Ma, come autore di musica, De Andrè è un po' difficile da giudicare.
Il problema è che non ha scritto nessuna canzone.
Gli ultimi album glieli hanno musicati Ivano Fossati, Mauro Pagani, Massimo Bubola e Francesco De Gregori.
In “Storia di un impiegato” e “Non al denaro..” le musiche sono di Nicola Piovani.
“La buona novella” (tranne "Il Testamento di Tito", che è di Corrado Castellari e Michele Maisano) l'ha musicata (anche se come "negro", non riconosciuto nei crediti) Giampiero Reverberi, come anche "Inverno" in "Tutti morimmo a stento" mentre le altre musiche di quel disco, a parte "Leggenda di Natale" presa da Brassens, sono scritte da Giuseppe Bentivoglio e Riccardo Mannerini.
Sulle canzoni "storiche", tolte le cover (infinite di Brassens, poi Dylan e Cohen) e la musica popolare (come Geordie, Fila la Lana, Il Re fa rullare i Tamburi, ecc.) non si va tanto meglio:
"La guerra di Piero" è di Vittorio Centanaro (De André gli aveva detto di iscriversi alla SIAE, lui non l’ha fatto e così l’ha firmata De André), che ha fatto anche a "Si chiamava Gesù";
"La ballata dell’amore cieco" è una canzone popolare, "Preghiera in gennaio" è la “La Prière” di Francis Jammes, già cantata da Brassens.

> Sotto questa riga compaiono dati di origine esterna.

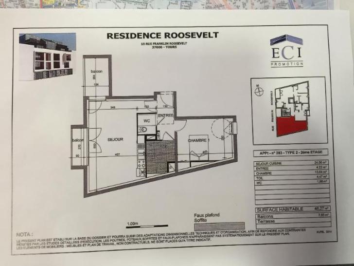 Tours#Appartement T2-48 m²#Cuisine aménagée et équipée (plaque, hotte)#Appartement 2ème étage comprenant entrée, séjour cuisine A/E (plaque, hotte) 1 chambre avec placard, 1 salle d'eau, WC séparé, 2 balcons, 1 parking privatif. Disponible 08/06/2016

In "La morte", la musica è "Le verger du roi Louis" di Brassens; la musica di "Via del Campo" gliela scrissero Jannacci e Dario Fo, traendola da una melodia cinquecentesca; la "Città Vecchia" è "Le bistrot" di Brassens con titolo e testo orecchiato dall'omonima poesia di Umberto Saba; "Re Carlo" è di Paolo Villaggio, "Caro Amore" è il "Concerto di Aranjuez" di Joaquin Rodrigo.
"Valzer per un amore": musica tratta dal Valzer campestre della Suite siciliana di Gino Marinuzzi jr. ;"Canzone del maggio": liberamente tratta da un canto del maggio francese.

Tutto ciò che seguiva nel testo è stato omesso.